You can update the job according to your Minio and Seaweedfs configuration:

In the following example we have set the following:

  • Core:
    • Bucket = fossa.test
    • Minio
      • access_key_id = minio
      • secret_access_key = minio123
      • endpoint= http://fossa-core-minio:80
    • Seaweedfs:
      • access_key_id
      • secret_access_key
      • endpoint = http://core-seaweedfs-s3:8333
  • Hubble:
    • Bucket = hubble.fossa.test
    • Minio:
      • access_key_id = minio
      • secret_access_key = minio123
      • endpoint= http://fossa-hubble-minio:80
    • Seaweedfs:
      • access_key_id = seaweedfs
      • secret_access_key = seaweedfs123
      • endpoint = http://hubble-seaweedfs-s3:8333
apiVersion: v1
kind: ConfigMap
metadata:
  name: rclone-migration-config
data:
  rclone.conf: |
    [minio-core]
    type = s3
    provider = Minio
    access_key_id = minio
    secret_access_key = minio123
    endpoint = http://fossa-core-minio:80
    region = minio

    [minio-hubble]
    type = s3
    provider = Minio
    access_key_id = minio
    secret_access_key = minio123
    endpoint = http://fossa-hubble-minio:80
    region = minio

    [seaweedfs-core]
    type = s3
    provider = Other
    access_key_id = seaweedfs 
    secret_access_key = seaweedfs123  
    endpoint = http://core-seaweedfs-s3:8333
    region = us-east-1
    force_path_style = true

    [seaweedfs-hubble]
    type = s3
    provider = Other
    access_key_id = seaweedfs
    secret_access_key = seaweedfs123 
    endpoint = http://hubble-seaweedfs-s3:8333
    region = us-east-1
    force_path_style = true

  core-bucket: "fossa.test"
  hubble-bucket: "hubble.fossa.test"
  migrate.sh: |
    #!/bin/sh
    set -e

    echo "============================================"
    echo "  MinIO -> SeaweedFS Migration"
    echo "  Started: $(date -u +%Y-%m-%dT%H:%M:%SZ)"
    echo "============================================"

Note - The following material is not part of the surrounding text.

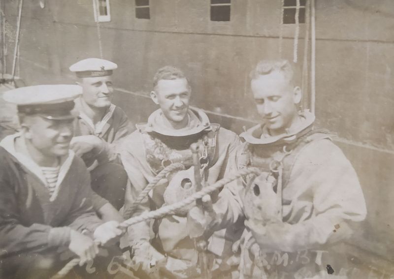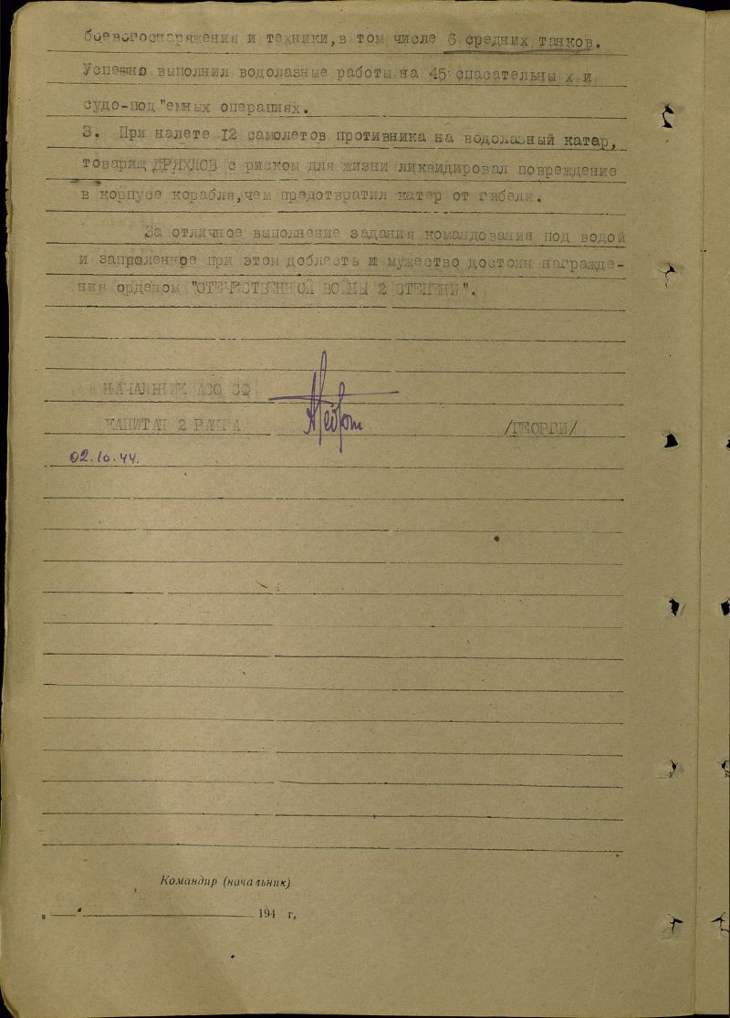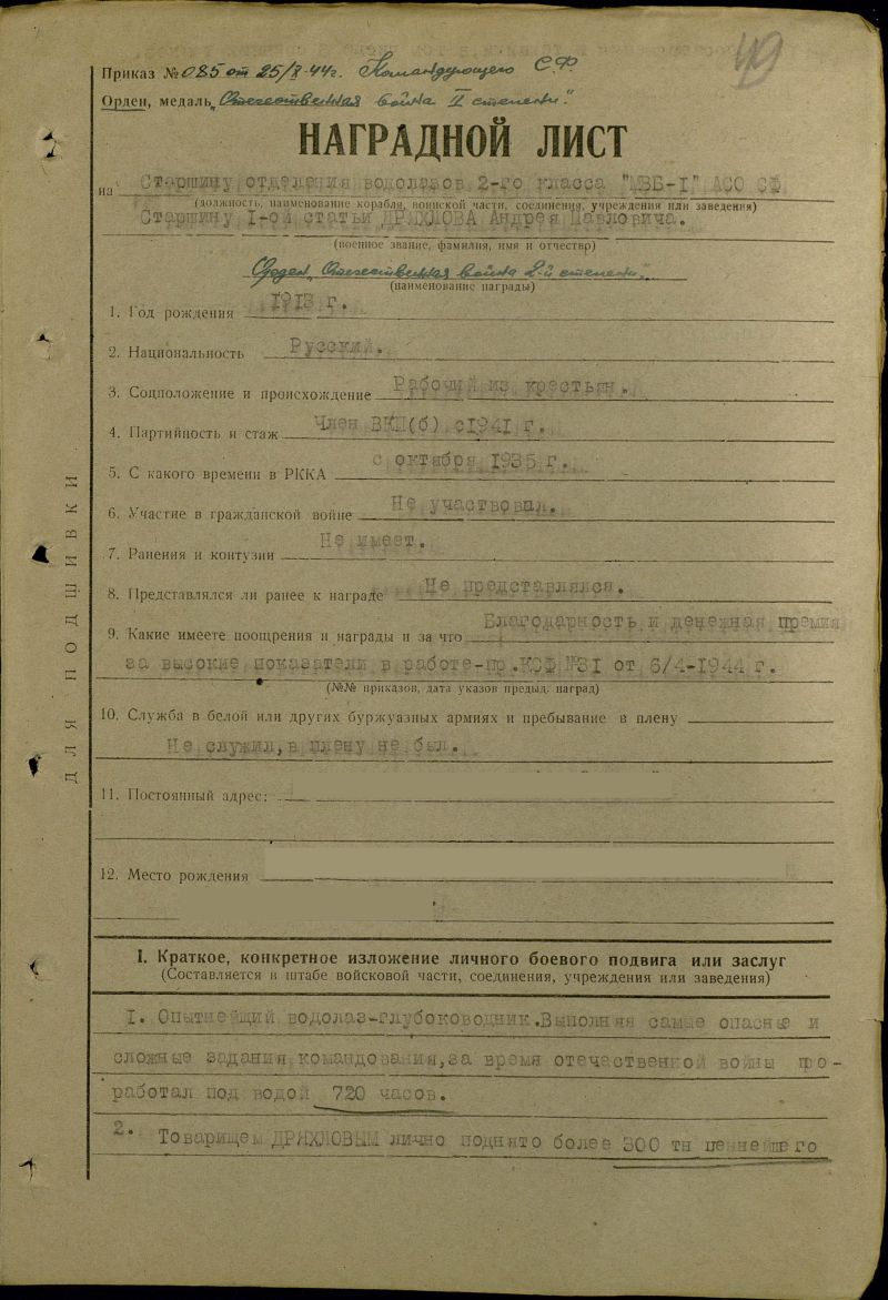 Мичман. Старшина отделения водолазов 2-го класса МВБ-I АС СФ Андрей Павлович Дряхлов. Призван в 1935 году в ЭПРОН, с 22 июня 1941 года в аварийно-спасательной службе Северного флота. Корабль «Вайгач». К октябрю 1944 года проработал под водой 720 часов, лично поднял свыше 300 тонн ценнейшего груза (так в приказе о награждении), в том числе 5 средних танков. Участвовал в 45 спасательных и судоподъёмных операциях. При налёте авиации противника, с риском для жизни ликвидировал пробоину в корпусе водолазного катера, чем спас его от гибели. Награжден орденом Отечественной войны II степени. Член ВКП(б) с 1941 года.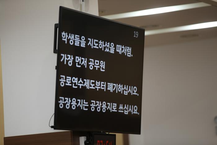 시험을 칠 때 쉬운 문제부터 풀라고 선생님은 가르치셨습니다. 어려운 문제는 뒤에 풀라고. 그렇습니다. 쉬운 문제부터 푸십시오. 학생들을 지도하셨을 때처럼. 가장 먼저 공무원 공로연수 제도부터 폐기하십시오. 공장용지는 공장용지로 쓰십시오.

    # ---------- tuning knobs (adjust for production) ----------
    # TRANSFERS:  number of file transfers in parallel
    # CHECKERS:   number of parallel hash-checking threads
    # S3_CONCURRENCY: multipart upload concurrency per file
    # S3_CHUNK:   multipart chunk size (bigger = fewer API calls for large files)
    # BUFFER:     in-memory buffer per transfer
    TRANSFERS="${RCLONE_TRANSFERS:-16}"
    CHECKERS="${RCLONE_CHECKERS:-8}"
    S3_CONCURRENCY="${RCLONE_S3_UPLOAD_CONCURRENCY:-4}"
    S3_CHUNK="${RCLONE_S3_CHUNK_SIZE:-64M}"
    BUFFER="${RCLONE_BUFFER_SIZE:-32M}"

    COMMON_FLAGS="--transfers=$TRANSFERS \
      --checkers=$CHECKERS \
      --s3-upload-concurrency=$S3_CONCURRENCY \
      --s3-chunk-size=$S3_CHUNK \
      --buffer-size=$BUFFER \
      --stats=10s \
      --stats-one-line \
      --log-level=INFO \
      --checksum \
      --retries=3 \
      --retries-sleep=5s \
      --low-level-retries=10"

    # ---------- pre-flight checks ----------
    echo ""
    echo ">>> Pre-flight: listing source buckets"
    echo "--- minio-core ---"
    rclone lsd minio-core: 2>&1
    echo "--- minio-hubble ---"
    rclone lsd minio-hubble: 2>&1
    echo "--- seaweedfs-core ---"
    rclone lsd seaweedfs-core: 2>&1
    echo "--- seaweedfs-hubble ---"
    rclone lsd seaweedfs-hubble: 2>&1

    echo ""
    echo ">>> Source object counts"
    CORE_SRC=$(rclone size minio-core:$CORE_BUCKET --json 2>/dev/null)
    HUBBLE_SRC=$(rclone size minio-hubble:$HUBBLE_BUCKET --json 2>/dev/null)
    echo "  core:   $CORE_SRC"
    echo "  hubble: $HUBBLE_SRC"

    # ---------- migration: core ----------
    echo ""
    echo "============================================"
    echo "  [1/2] Migrating core: minio -> seaweedfs"
    echo "============================================"
    eval rclone sync minio-core:$CORE_BUCKET seaweedfs-core:$CORE_BUCKET $COMMON_FLAGS 2>&1
    CORE_RC=$?
    echo "  core migration exit code: $CORE_RC"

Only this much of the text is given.